Maze-Long Kesh: Saga Continues

On 15th August 2013, then-First Minister Peter Robinson stopped the development of the Maze-Long Kesh site in its tracks in a letter to DUP members, plunging the relationships at the top of the NI Executive into peril once more.

The 347-acre site of the former Maze Prison was boasted to host a £300m Peace and Reconciliation Centre, and up to 5,000 jobs.

In halting the proposed redevelopment, Mr Robinson said ‘it would be wrong to proceed with the Maze peace centre in the absence of a consensus about how it will operate’.

Since that decision by the DUP leader, any development of the site has been unceremoniously stopped and in October 2013 EU funding for the project was pulled and the £18.1m Stormont funding was divvied out between other projects, seemingly spelling the end of any movement on the site outside Lisburn.

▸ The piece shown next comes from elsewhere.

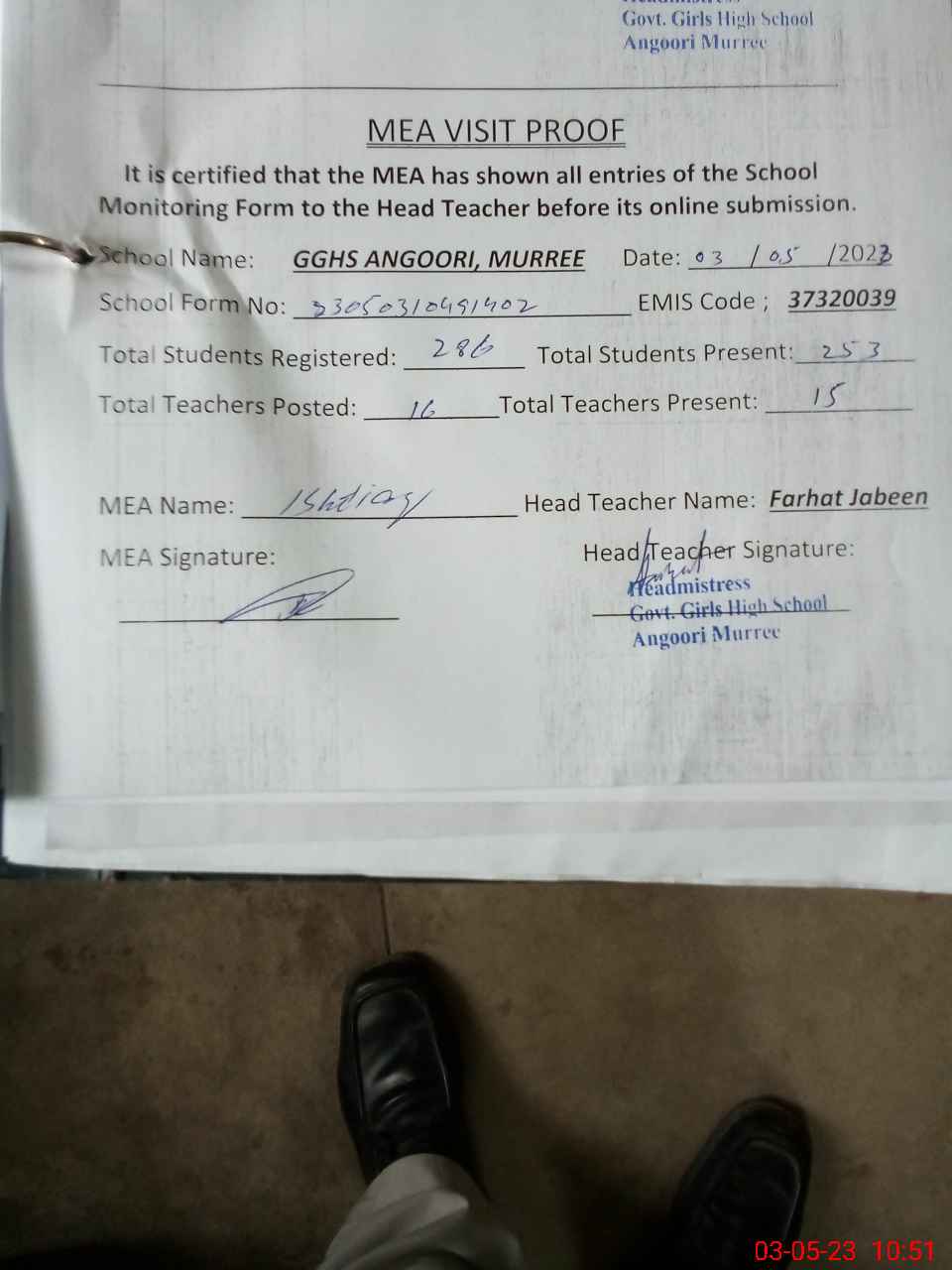 | EMIS Code: 37320039 | Name of School: GGHS ANGOORI | |||

Responding to questions in the Assembly at the time relating to the impasse, the Deputy First Minister commented that ‘No further development will take place until this is satisfactorily resolved’, and Sinn Fein firmly dug its heels in about what they deemed to be a breach of a commitment in the Programme for Government.

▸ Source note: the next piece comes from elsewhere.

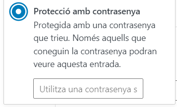 - Protecció amb contrasenya: visible només per aquells que coneguin la contrasenya, que haureu d’introduir al camp corresponent.

However, BtP can now reveal that the Maze-Long Kesh Development Corporation, which was tasked by OFMDFM to regenerate the site, is still up and running.

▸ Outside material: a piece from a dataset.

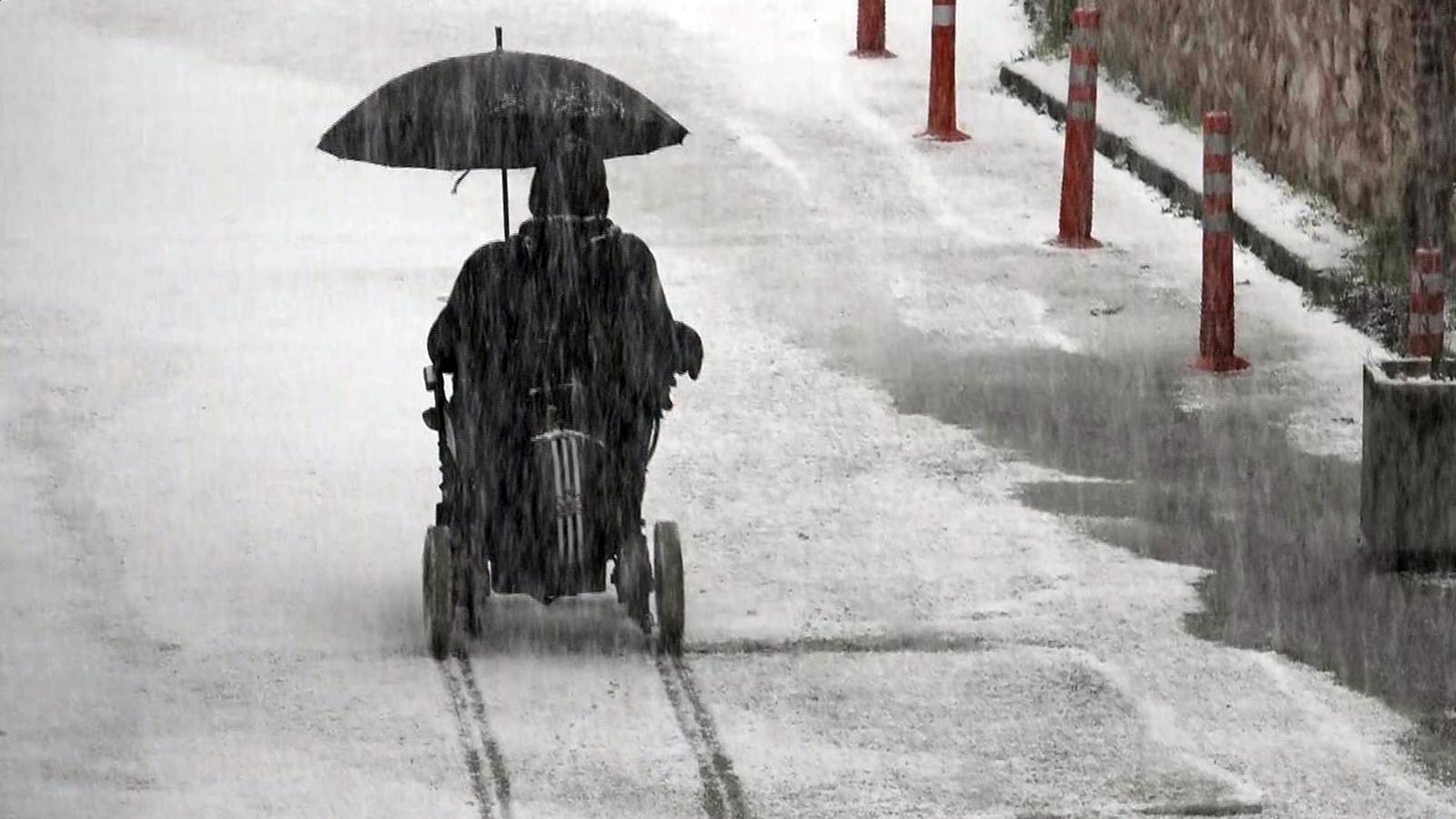 Tekerlekli sandalyesinde elindeki şemsiye ile karda ilerledi

The Corporation, which does not even have a permanent website, and who issued their last press release in June 2013, had 15 staff prior to the DUP’s decision, and now has just over seven full time equivalent staff.

However, if indeed the DUP blocked any development on the site, and SF stuck to its position that no development would take place until the row was resolved, why have the Corporation been spending well over a million pounds on the site every year since?

In 2013-14, the Corporation spent £1.34 million, plus £363,000 on capital expenditure.  The year after, £1.31 million was spent, with £480,000 spent on capital works.  Spending up until December sat at £899,000, with capital spending at £281k, well on its way to equalling the previous years’ expenditure.

Even if we were to take salaries and running costs into consideration, it is obvious that other major expenses are being incurred at the site, despite the protestations of both the largest parties to the contrary.